Time-resolved 2M-year-old supernova activity found in Earth’s microfossil record - ghosh
http://www.pnas.org/content/113/33/9232.abstract
======
autocorr
For those curious, this supernova is unfortunately too old to find the
supernova remnant that was left behind. The most famous SNRs are Cas A [1] and
M1/the Crab Nebula [2].

When the core of a massive star collapses, the resulting explosion launches
the rest of the star surrounding the core outwards. Near to the star, this
explosion proceeds as an unimpeded free expansion for a few hundred years, but
the ejecta eventually impacts the gas between the stars, the interstellar
medium.
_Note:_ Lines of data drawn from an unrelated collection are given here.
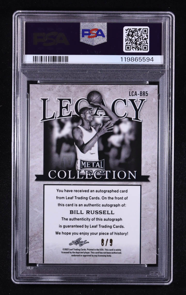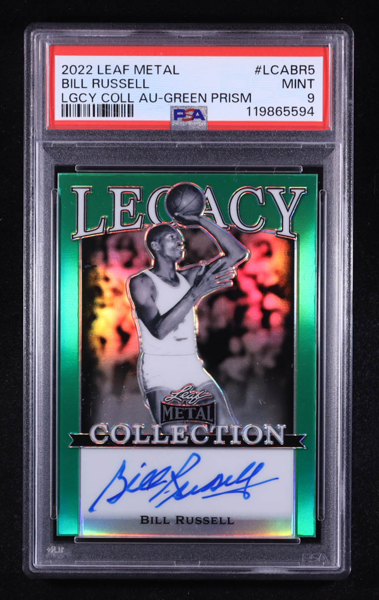 Bill Russell 2022 Leaf Metal Legacy Collection Signatures Prismatic Green #LCABR5 #8/9 (PSA 9)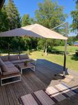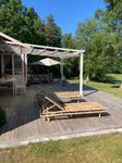 Stugan har också en 150m2 stor veranda i två väderstreck, vilket ger möjlighet att vara ute och njuta av solen oavsett tid på dagen. På verandan mot havet finns en loungemöbel och på baksidan hittar du ett utekök med grill.
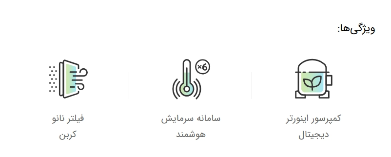 • کمپرسور اینورتر دیجیتال: کاهش مصرف انرژی، افزایش طول عمر، و صدای بسیار کم (43 دسی‌بل).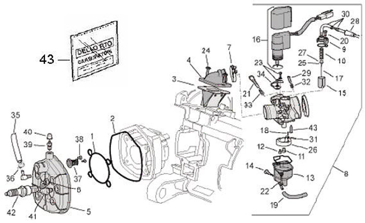 Förgasare -PIAGGIO- Dell'Orto PHVA 17,5 ID- Piaggio Zip SP2, Aprilia SR50 Street, SR50 R, Derbi GP1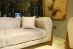 يعتمد التصميم على درجات الرمادي الفاتح مع لمسات خشبية دافئة في قواعد الكنبات والطاولة الوسطى مما يخلق توازنًا أنيقًا بين البرودة والدفء، وتمنح الخطوط المستقيمة للكنب إحساسًا بالبساطة العصرية، بينما تضيف الطاولة ذات السطح الخشبي والتفصيلة البيضاء لمسة تصميم حديثة عملية، كما تعكس الأرضيات الفاتحة الإضاءة الطبيعية القادمة من الواجهة الزجاجية الكبيرة لتمنح المكان إحساسًا بالاتساع والنقاء.

The ejecta then goes through two phases, an adiabatic phase (ie can't
efficiently radiate away the heat) and radiative phase (ie can efficiently
radiate away the heat). The adiabatic phase ends after around a couple ten
thousand years, and the radiative phase ends after a few hundred thousand. As
the remnant evolves, the gas becomes cooler and less dense, until eventually
it's indistinguishable from the rest of the interstellar medium. So, if this
supernova occurred around 2 million years ago, we shouldn't be able to observe
the remnant. A shame!

[1]
[https://apod.nasa.gov/apod/ap050615.html](https://apod.nasa.gov/apod/ap050615.html)
[2]
[https://apod.nasa.gov/apod/ap150816.html](https://apod.nasa.gov/apod/ap150816.html)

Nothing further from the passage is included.